___ Material provided
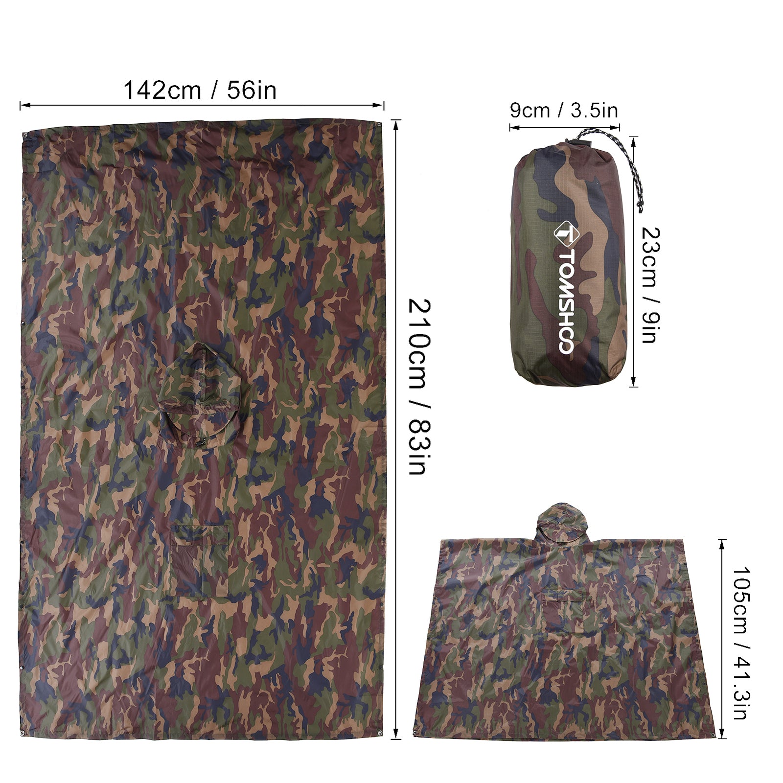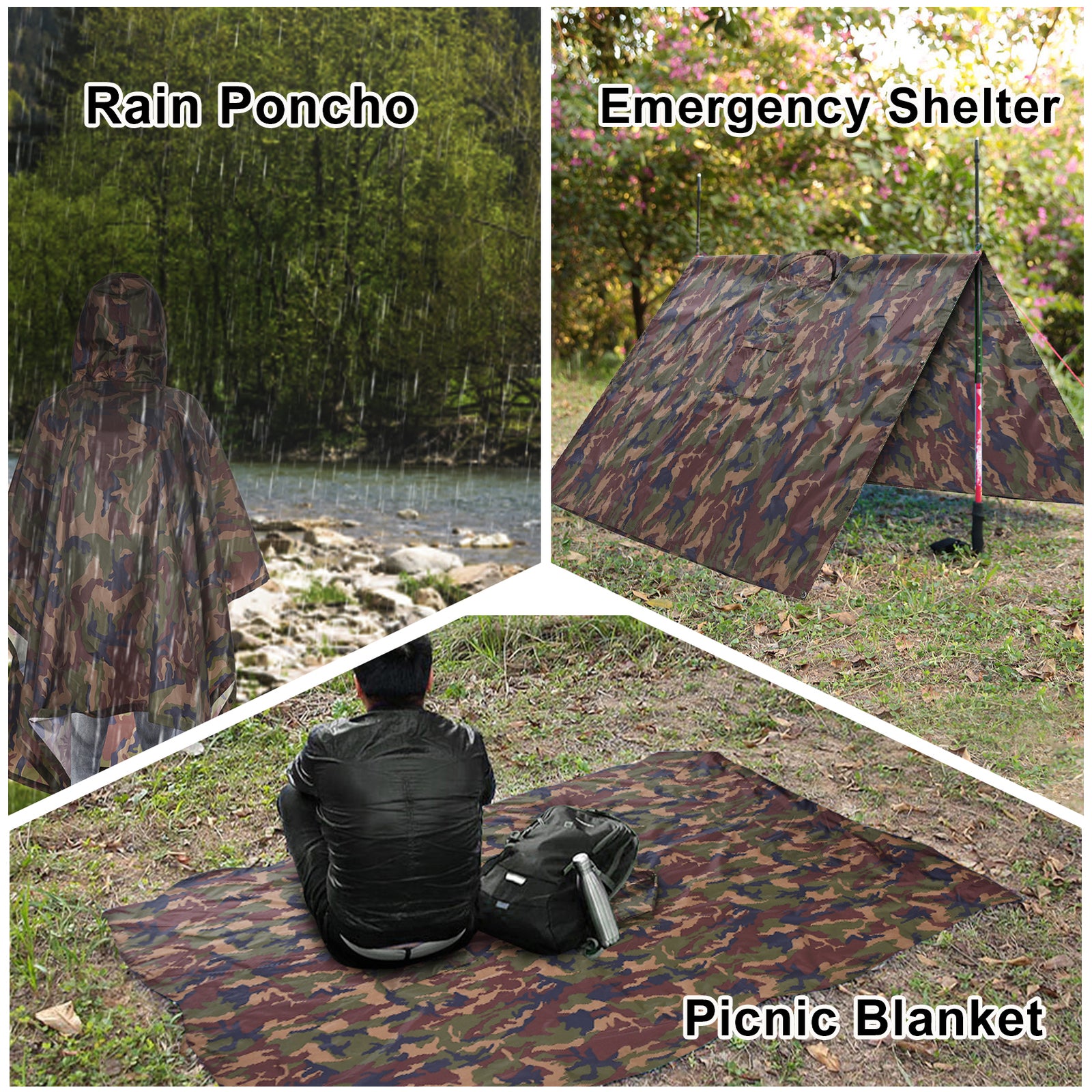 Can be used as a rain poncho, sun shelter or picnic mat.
______
___ Material provided
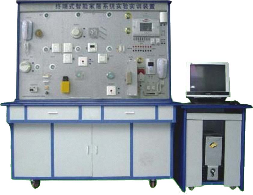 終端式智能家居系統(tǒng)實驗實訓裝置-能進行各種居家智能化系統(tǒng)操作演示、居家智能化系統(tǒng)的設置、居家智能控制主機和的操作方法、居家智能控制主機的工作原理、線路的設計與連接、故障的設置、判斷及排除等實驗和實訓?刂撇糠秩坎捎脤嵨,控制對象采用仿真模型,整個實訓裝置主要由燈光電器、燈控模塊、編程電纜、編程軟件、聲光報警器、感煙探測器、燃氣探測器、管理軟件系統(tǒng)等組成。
______
___ Material provided
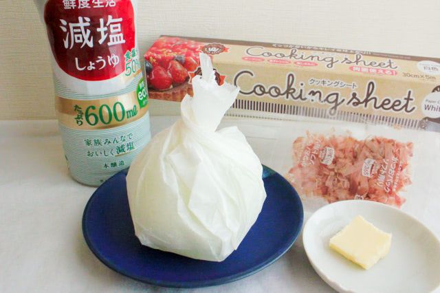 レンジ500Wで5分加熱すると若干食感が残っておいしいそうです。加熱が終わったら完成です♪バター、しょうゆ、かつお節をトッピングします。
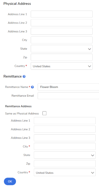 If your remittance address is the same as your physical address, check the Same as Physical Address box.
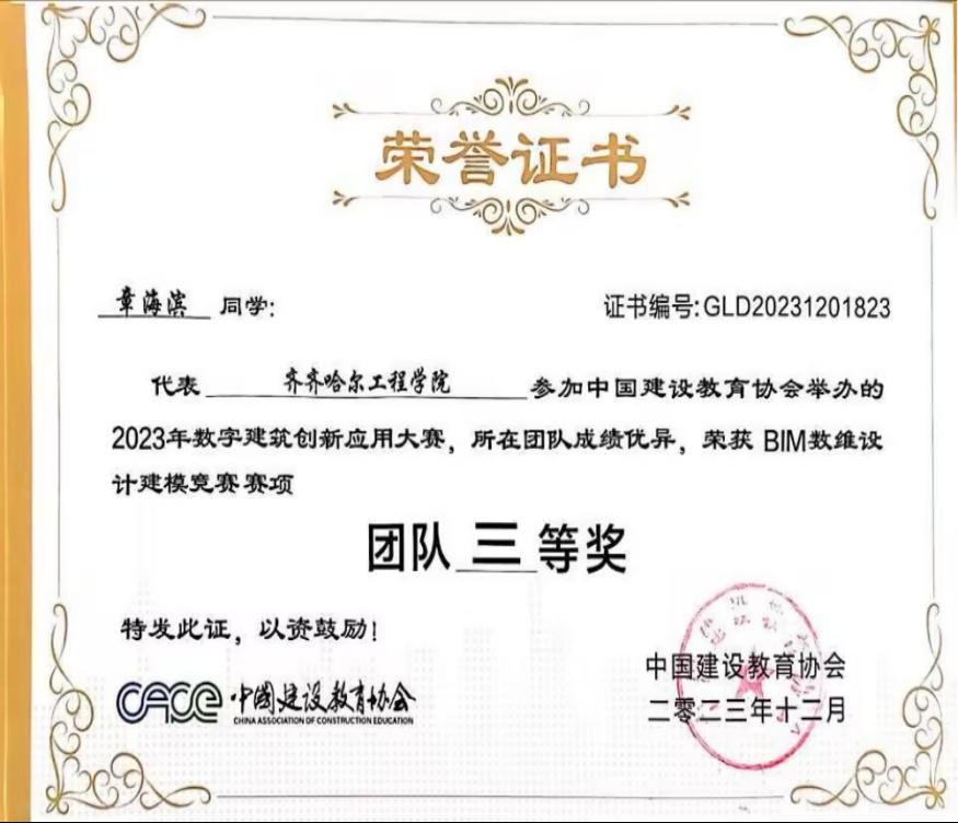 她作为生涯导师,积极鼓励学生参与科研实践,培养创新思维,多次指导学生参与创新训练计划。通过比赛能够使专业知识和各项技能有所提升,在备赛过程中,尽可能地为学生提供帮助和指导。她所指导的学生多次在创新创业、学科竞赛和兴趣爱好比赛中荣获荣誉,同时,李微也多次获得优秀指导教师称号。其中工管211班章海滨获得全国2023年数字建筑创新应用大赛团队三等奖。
______
What is required: Return exactly the stretch above whose first line contains "レンジ500Wで5分加熱する" and whose last line contains "她作为生涯导师,积极鼓励学生", and nothing outside it. The pictures should not appear.

Answer box:
 レンジ500Wで5分加熱すると若干食感が残っておいしいそうです。加熱が終わったら完成です♪バター、しょうゆ、かつお節をトッピングします。
 If your remittance address is the same as your physical address, check the Same as Physical Address box.
 她作为生涯导师,积极鼓励学生参与科研实践,培养创新思维,多次指导学生参与创新训练计划。通过比赛能够使专业知识和各项技能有所提升,在备赛过程中,尽可能地为学生提供帮助和指导。她所指导的学生多次在创新创业、学科竞赛和兴趣爱好比赛中荣获荣誉,同时,李微也多次获得优秀指导教师称号。其中工管211班章海滨获得全国2023年数字建筑创新应用大赛团队三等奖。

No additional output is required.